─── The input

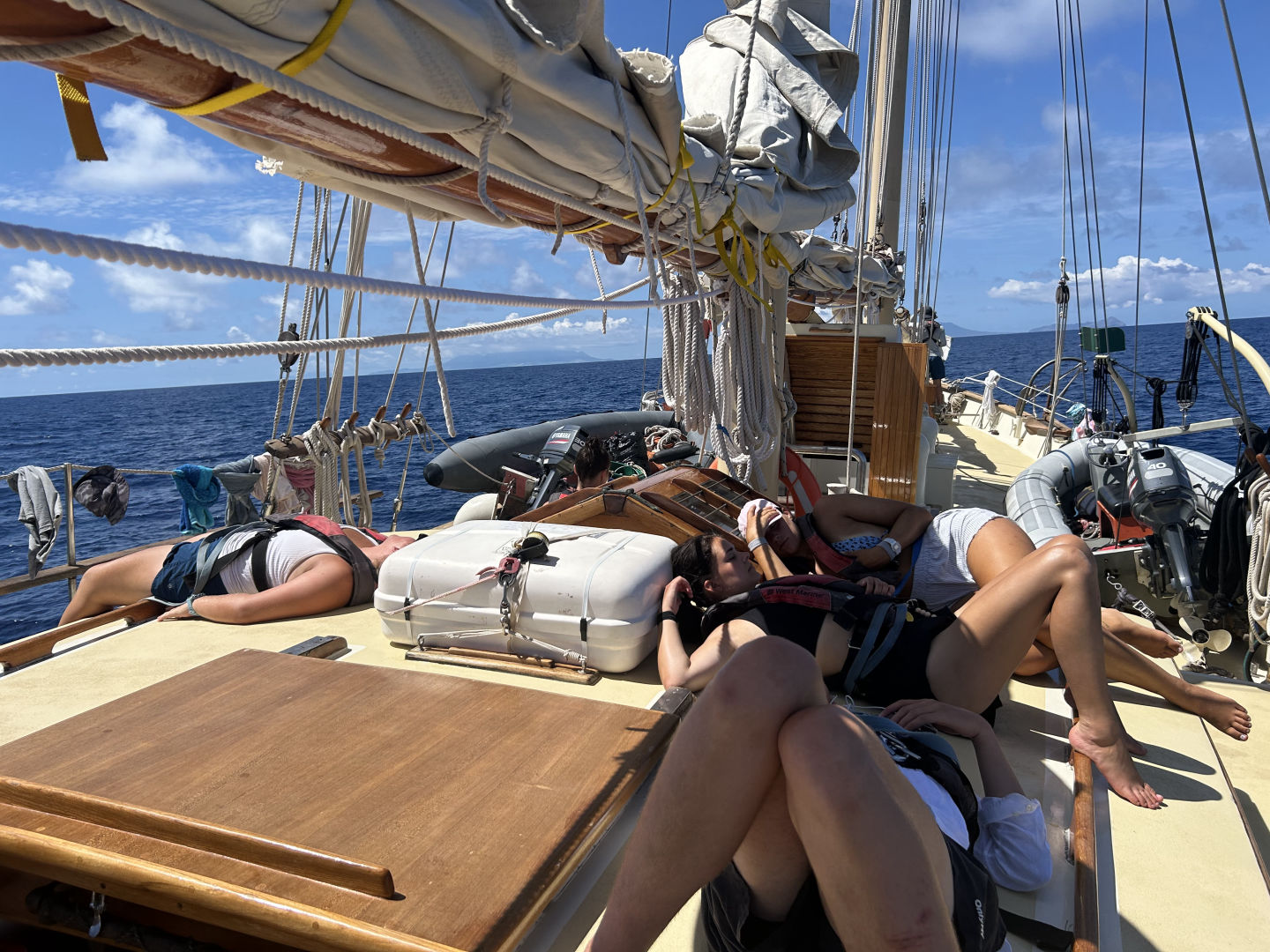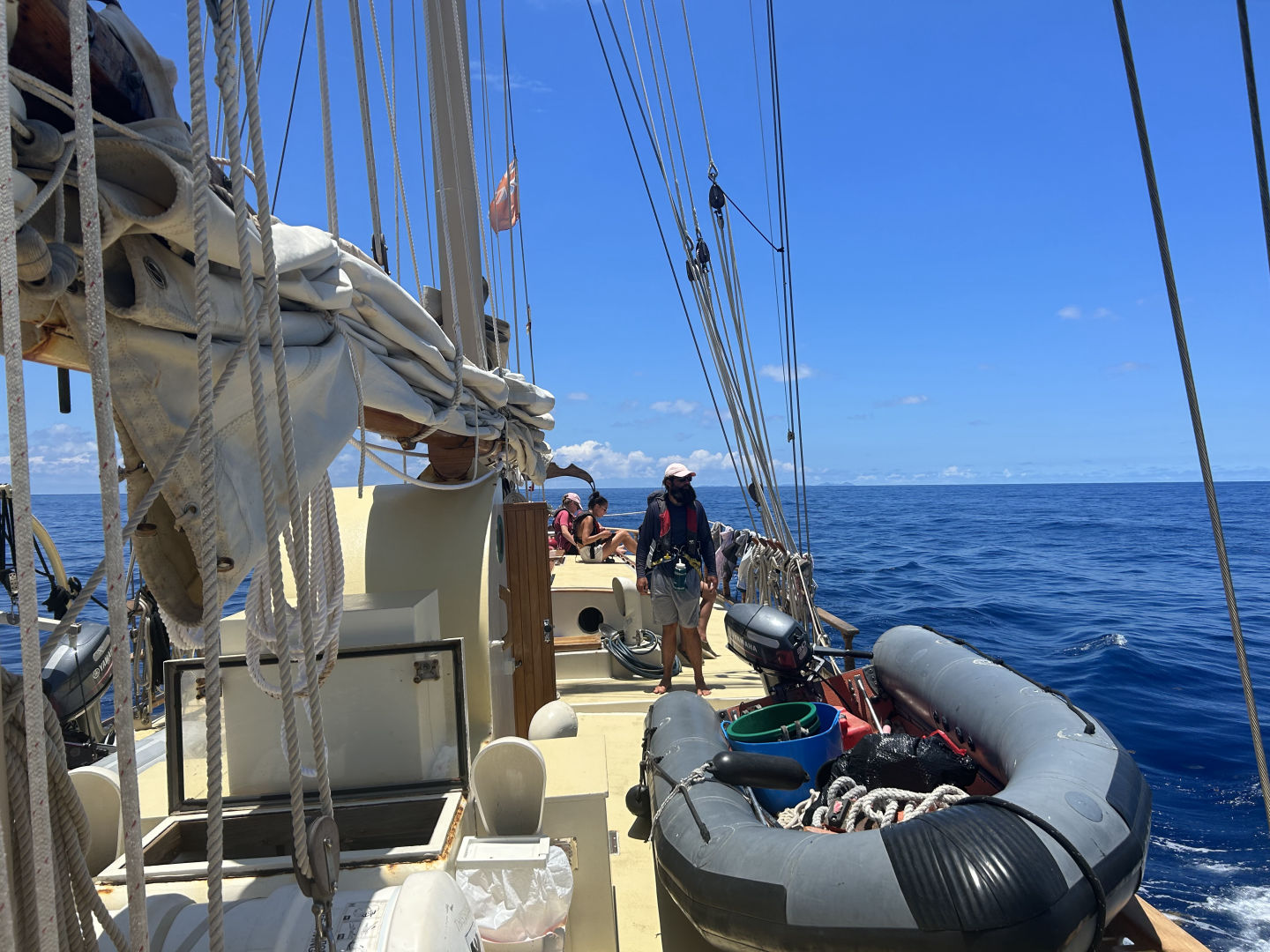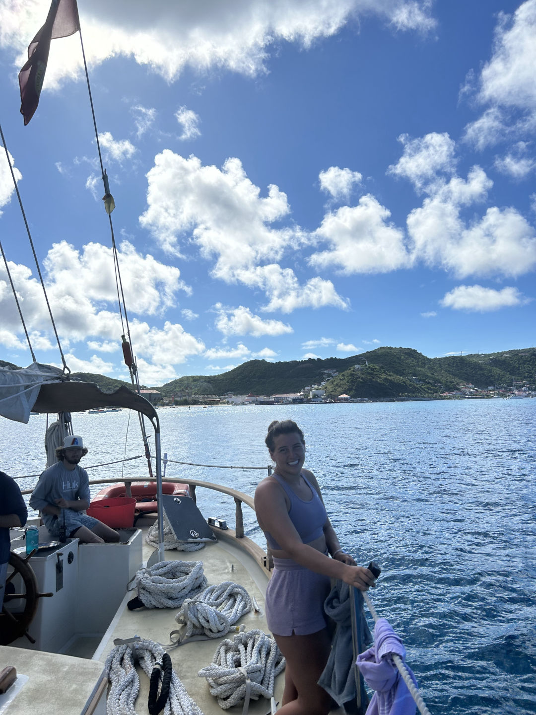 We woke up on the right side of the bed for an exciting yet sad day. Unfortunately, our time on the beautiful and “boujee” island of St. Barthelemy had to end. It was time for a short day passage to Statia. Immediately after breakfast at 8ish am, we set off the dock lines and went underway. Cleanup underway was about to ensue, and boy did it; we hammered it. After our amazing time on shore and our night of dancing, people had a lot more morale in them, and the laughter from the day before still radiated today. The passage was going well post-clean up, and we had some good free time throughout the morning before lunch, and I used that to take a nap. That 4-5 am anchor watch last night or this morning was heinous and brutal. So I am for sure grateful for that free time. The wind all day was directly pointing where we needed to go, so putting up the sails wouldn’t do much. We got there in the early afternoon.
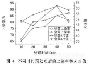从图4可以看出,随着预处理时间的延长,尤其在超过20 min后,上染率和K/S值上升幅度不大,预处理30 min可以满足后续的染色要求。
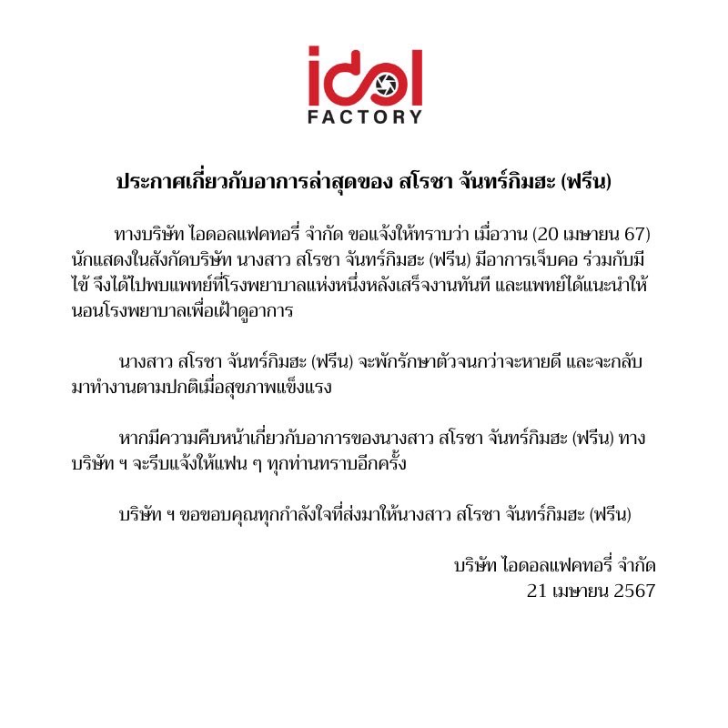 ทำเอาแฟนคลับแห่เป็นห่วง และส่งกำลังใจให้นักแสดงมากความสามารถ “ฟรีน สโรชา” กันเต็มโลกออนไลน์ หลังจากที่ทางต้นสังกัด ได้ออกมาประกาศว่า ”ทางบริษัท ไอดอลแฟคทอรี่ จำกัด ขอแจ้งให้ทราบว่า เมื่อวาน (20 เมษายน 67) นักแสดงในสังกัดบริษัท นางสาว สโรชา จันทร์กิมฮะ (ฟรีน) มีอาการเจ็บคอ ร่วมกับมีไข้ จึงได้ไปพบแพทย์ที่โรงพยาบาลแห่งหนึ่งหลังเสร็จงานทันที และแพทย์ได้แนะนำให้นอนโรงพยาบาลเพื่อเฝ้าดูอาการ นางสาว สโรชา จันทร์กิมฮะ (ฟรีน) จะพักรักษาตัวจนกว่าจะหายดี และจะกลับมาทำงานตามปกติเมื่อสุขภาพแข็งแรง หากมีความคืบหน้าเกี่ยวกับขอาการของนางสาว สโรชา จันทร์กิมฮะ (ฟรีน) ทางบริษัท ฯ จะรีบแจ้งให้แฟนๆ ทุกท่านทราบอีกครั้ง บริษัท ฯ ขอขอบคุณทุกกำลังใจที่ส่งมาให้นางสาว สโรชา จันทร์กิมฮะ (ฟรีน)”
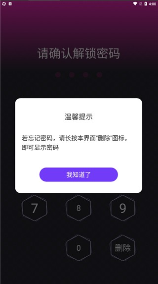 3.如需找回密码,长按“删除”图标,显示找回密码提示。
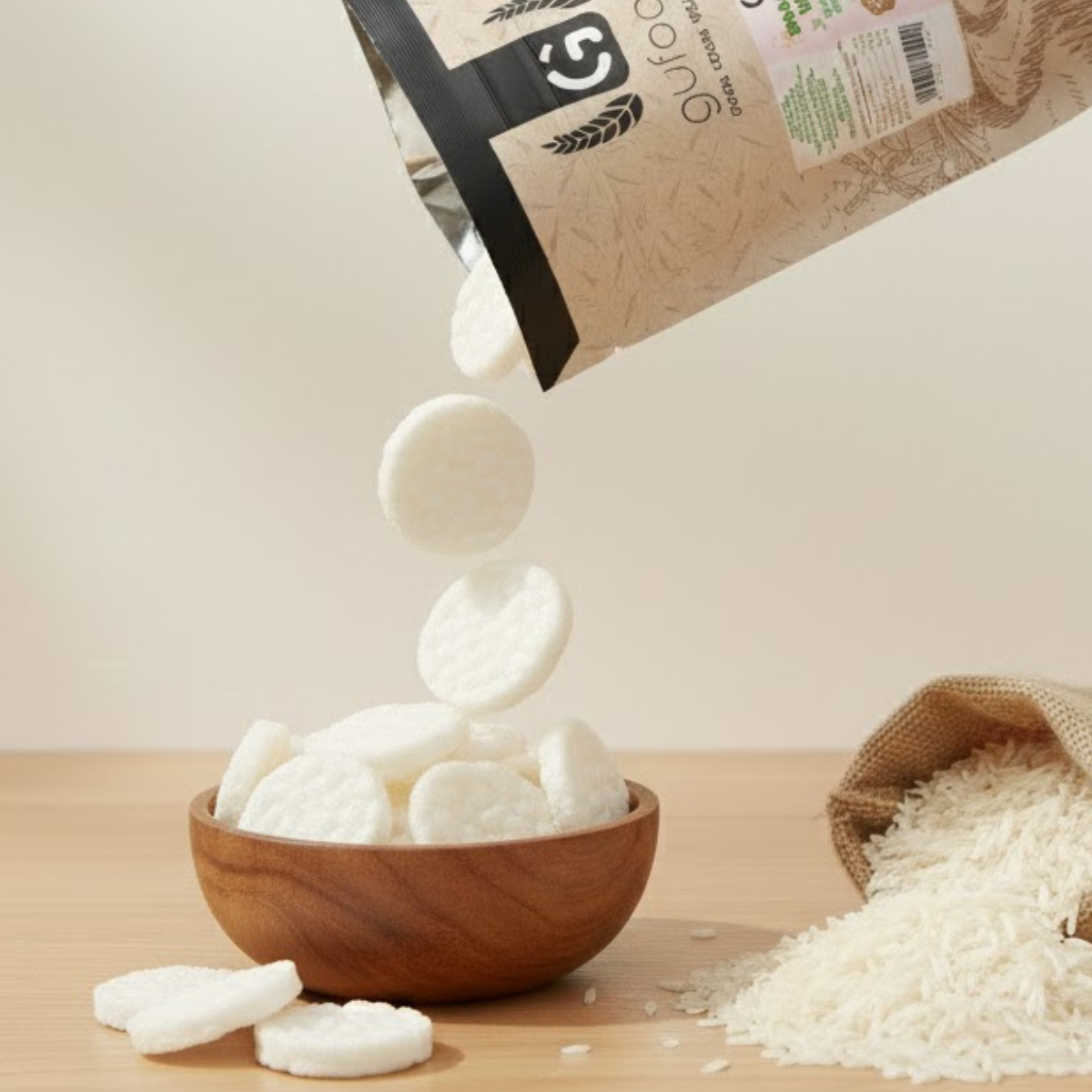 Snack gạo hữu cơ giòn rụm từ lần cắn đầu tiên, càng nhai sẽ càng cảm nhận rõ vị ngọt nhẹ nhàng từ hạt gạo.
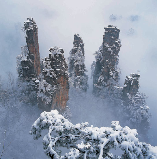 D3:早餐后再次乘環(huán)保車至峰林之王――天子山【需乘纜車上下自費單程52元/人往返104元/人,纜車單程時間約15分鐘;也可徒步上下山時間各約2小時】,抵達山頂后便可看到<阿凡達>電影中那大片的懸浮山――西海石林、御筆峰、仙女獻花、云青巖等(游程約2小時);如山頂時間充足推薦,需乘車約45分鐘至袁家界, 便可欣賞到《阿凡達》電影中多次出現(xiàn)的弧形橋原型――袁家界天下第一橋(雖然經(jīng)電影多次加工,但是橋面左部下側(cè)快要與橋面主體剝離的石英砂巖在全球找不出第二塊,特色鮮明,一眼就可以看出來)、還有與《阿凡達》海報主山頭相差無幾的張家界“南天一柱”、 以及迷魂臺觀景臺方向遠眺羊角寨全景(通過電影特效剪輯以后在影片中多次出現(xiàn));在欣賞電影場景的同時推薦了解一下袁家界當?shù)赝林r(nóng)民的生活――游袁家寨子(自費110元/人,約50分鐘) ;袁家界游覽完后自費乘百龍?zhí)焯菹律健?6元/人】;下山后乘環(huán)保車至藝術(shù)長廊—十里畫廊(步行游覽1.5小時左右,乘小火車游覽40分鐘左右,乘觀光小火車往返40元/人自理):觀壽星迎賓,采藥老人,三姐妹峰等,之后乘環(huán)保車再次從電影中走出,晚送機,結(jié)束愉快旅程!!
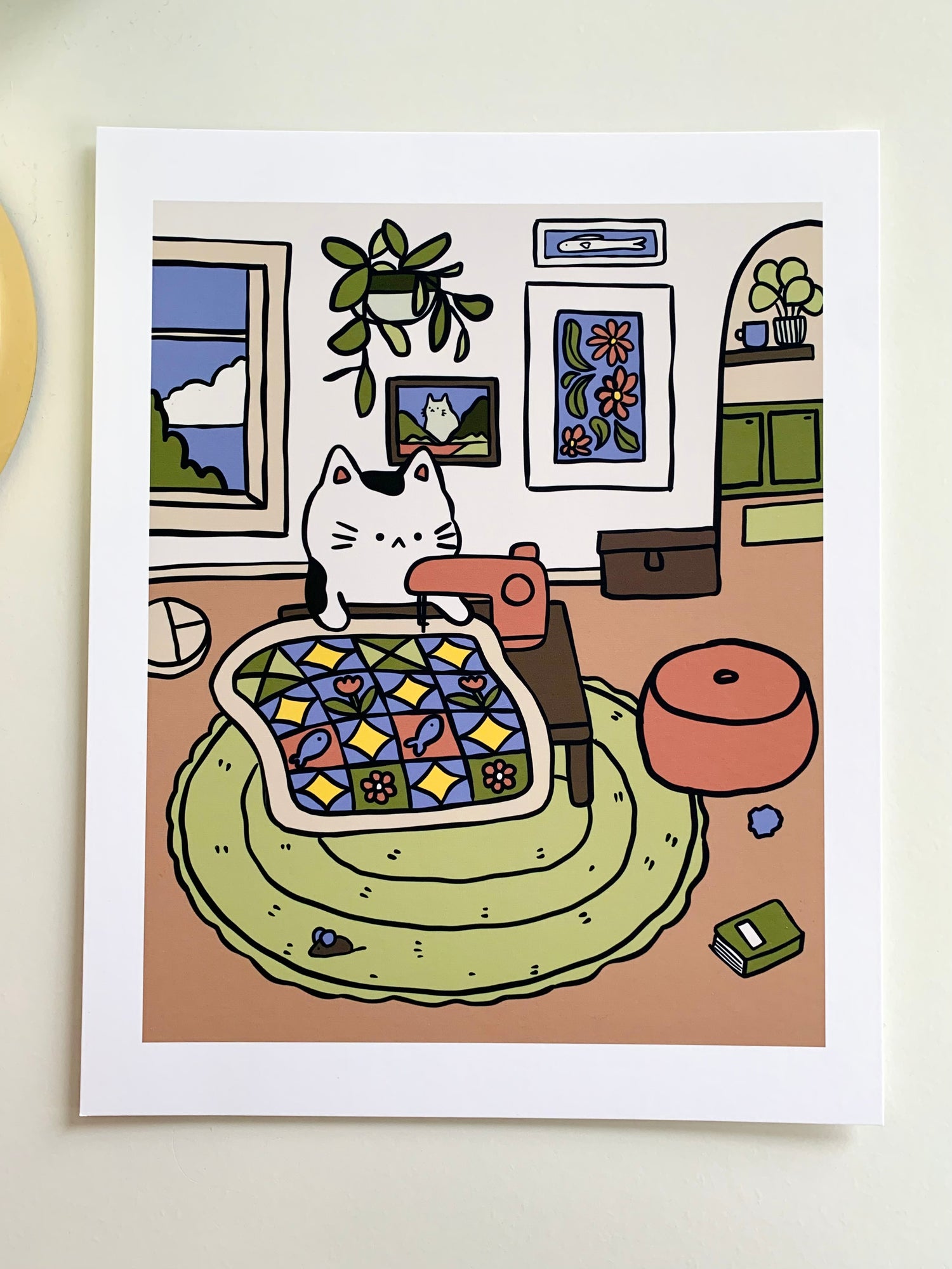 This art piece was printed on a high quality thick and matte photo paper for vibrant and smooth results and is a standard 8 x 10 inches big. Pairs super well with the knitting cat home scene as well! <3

──────

→ **What to do**: Beginning with the line that contains "กันเต็มโลกออนไลน์ หลังจากที่ทางต้นสังกัด ได้ออกมาประกาศว่า", output every line down to the last line of the entries above exactly as written, apart from the pictures.

→ **Exercise answer**:
 ทำเอาแฟนคลับแห่เป็นห่วง และส่งกำลังใจให้นักแสดงมากความสามารถ “ฟรีน สโรชา” กันเต็มโลกออนไลน์ หลังจากที่ทางต้นสังกัด ได้ออกมาประกาศว่า ”ทางบริษัท ไอดอลแฟคทอรี่ จำกัด ขอแจ้งให้ทราบว่า เมื่อวาน (20 เมษายน 67) นักแสดงในสังกัดบริษัท นางสาว สโรชา จันทร์กิมฮะ (ฟรีน) มีอาการเจ็บคอ ร่วมกับมีไข้ จึงได้ไปพบแพทย์ที่โรงพยาบาลแห่งหนึ่งหลังเสร็จงานทันที และแพทย์ได้แนะนำให้นอนโรงพยาบาลเพื่อเฝ้าดูอาการ นางสาว สโรชา จันทร์กิมฮะ (ฟรีน) จะพักรักษาตัวจนกว่าจะหายดี และจะกลับมาทำงานตามปกติเมื่อสุขภาพแข็งแรง หากมีความคืบหน้าเกี่ยวกับขอาการของนางสาว สโรชา จันทร์กิมฮะ (ฟรีน) ทางบริษัท ฯ จะรีบแจ้งให้แฟนๆ ทุกท่านทราบอีกครั้ง บริษัท ฯ ขอขอบคุณทุกกำลังใจที่ส่งมาให้นางสาว สโรชา จันทร์กิมฮะ (ฟรีน)”
 3.如需找回密码,长按“删除”图标,显示找回密码提示。
 Snack gạo hữu cơ giòn rụm từ lần cắn đầu tiên, càng nhai sẽ càng cảm nhận rõ vị ngọt nhẹ nhàng từ hạt gạo.
 D3:早餐后再次乘環(huán)保車至峰林之王――天子山【需乘纜車上下自費單程52元/人往返104元/人,纜車單程時間約15分鐘;也可徒步上下山時間各約2小時】,抵達山頂后便可看到<阿凡達>電影中那大片的懸浮山――西海石林、御筆峰、仙女獻花、云青巖等(游程約2小時);如山頂時間充足推薦,需乘車約45分鐘至袁家界, 便可欣賞到《阿凡達》電影中多次出現(xiàn)的弧形橋原型――袁家界天下第一橋(雖然經(jīng)電影多次加工,但是橋面左部下側(cè)快要與橋面主體剝離的石英砂巖在全球找不出第二塊,特色鮮明,一眼就可以看出來)、還有與《阿凡達》海報主山頭相差無幾的張家界“南天一柱”、 以及迷魂臺觀景臺方向遠眺羊角寨全景(通過電影特效剪輯以后在影片中多次出現(xiàn));在欣賞電影場景的同時推薦了解一下袁家界當?shù)赝林r(nóng)民的生活――游袁家寨子(自費110元/人,約50分鐘) ;袁家界游覽完后自費乘百龍?zhí)焯菹律健?6元/人】;下山后乘環(huán)保車至藝術(shù)長廊—十里畫廊(步行游覽1.5小時左右,乘小火車游覽40分鐘左右,乘觀光小火車往返40元/人自理):觀壽星迎賓,采藥老人,三姐妹峰等,之后乘環(huán)保車再次從電影中走出,晚送機,結(jié)束愉快旅程!!
 This art piece was printed on a high quality thick and matte photo paper for vibrant and smooth results and is a standard 8 x 10 inches big. Pairs super well with the knitting cat home scene as well! <3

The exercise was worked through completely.